WHAT YOU NEED TO DO
Pictures in the entries below are excluded; copy only the lines from the one containing "BT100L流量型智能蠕動泵" to the one containing "Olympics Handball) |", both included.

MATERIAL TO PROCESS
== Segment start ==

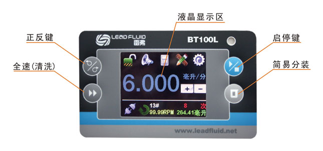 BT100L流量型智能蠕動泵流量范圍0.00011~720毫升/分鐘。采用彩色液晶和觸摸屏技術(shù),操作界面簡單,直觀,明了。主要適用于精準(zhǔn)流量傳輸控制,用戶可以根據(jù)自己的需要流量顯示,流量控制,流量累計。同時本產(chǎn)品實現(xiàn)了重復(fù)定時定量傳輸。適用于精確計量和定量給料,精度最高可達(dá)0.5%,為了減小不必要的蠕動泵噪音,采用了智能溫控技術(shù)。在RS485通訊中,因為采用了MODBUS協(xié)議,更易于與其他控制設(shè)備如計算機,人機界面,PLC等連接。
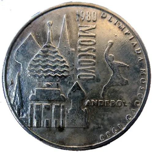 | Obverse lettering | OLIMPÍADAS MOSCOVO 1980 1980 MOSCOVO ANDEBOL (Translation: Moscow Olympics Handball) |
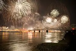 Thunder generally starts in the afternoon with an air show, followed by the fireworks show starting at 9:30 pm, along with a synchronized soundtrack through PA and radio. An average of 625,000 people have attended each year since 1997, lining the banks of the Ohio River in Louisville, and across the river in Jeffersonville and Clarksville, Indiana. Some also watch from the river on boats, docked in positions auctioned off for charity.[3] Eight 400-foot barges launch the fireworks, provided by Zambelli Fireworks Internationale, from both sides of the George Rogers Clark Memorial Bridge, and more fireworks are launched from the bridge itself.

== Segment end ==
== Segment start ==

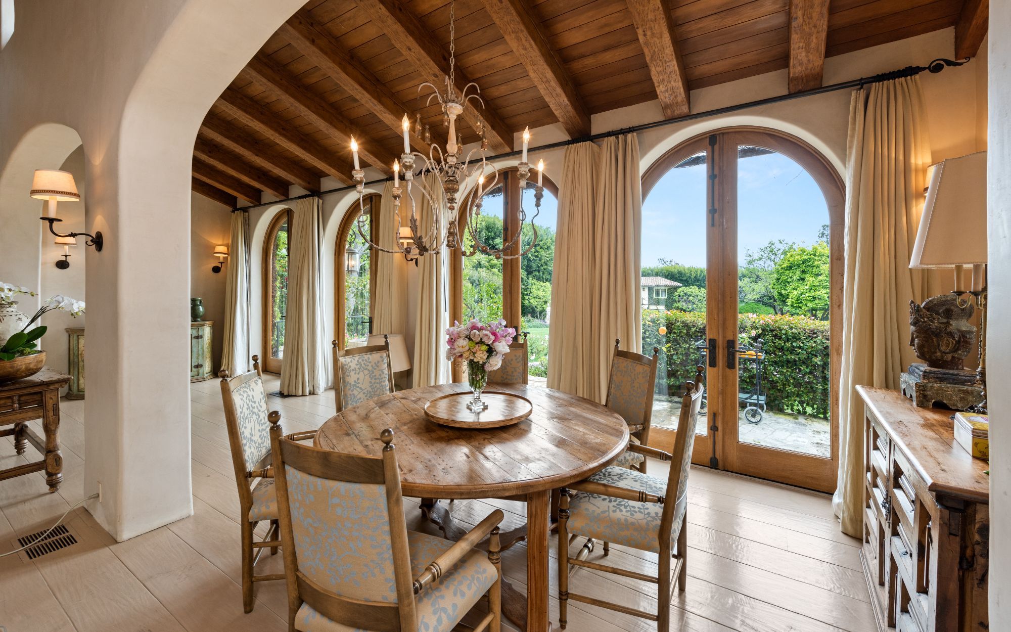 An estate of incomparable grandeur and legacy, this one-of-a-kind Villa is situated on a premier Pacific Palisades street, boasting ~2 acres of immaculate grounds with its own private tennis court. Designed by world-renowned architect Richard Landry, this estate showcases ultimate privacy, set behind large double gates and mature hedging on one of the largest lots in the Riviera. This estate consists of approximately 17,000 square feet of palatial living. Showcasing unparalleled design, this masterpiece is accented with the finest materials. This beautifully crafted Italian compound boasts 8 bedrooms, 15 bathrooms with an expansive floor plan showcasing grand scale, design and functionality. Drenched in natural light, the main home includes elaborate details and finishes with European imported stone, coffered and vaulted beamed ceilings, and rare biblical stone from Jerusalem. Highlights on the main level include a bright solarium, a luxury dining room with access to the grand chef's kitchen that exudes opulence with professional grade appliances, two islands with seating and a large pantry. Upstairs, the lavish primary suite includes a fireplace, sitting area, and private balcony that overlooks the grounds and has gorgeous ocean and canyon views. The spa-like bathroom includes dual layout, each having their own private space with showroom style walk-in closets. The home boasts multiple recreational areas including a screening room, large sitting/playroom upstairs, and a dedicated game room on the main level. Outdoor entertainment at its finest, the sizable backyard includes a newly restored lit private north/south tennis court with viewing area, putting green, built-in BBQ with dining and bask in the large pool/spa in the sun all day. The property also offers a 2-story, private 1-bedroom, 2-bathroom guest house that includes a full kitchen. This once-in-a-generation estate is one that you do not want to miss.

== Segment end ==

EXERCISE ANSWER
 BT100L流量型智能蠕動泵流量范圍0.00011~720毫升/分鐘。采用彩色液晶和觸摸屏技術(shù),操作界面簡單,直觀,明了。主要適用于精準(zhǔn)流量傳輸控制,用戶可以根據(jù)自己的需要流量顯示,流量控制,流量累計。同時本產(chǎn)品實現(xiàn)了重復(fù)定時定量傳輸。適用于精確計量和定量給料,精度最高可達(dá)0.5%,為了減小不必要的蠕動泵噪音,采用了智能溫控技術(shù)。在RS485通訊中,因為采用了MODBUS協(xié)議,更易于與其他控制設(shè)備如計算機,人機界面,PLC等連接。
 | Obverse lettering | OLIMPÍADAS MOSCOVO 1980 1980 MOSCOVO ANDEBOL (Translation: Moscow Olympics Handball) |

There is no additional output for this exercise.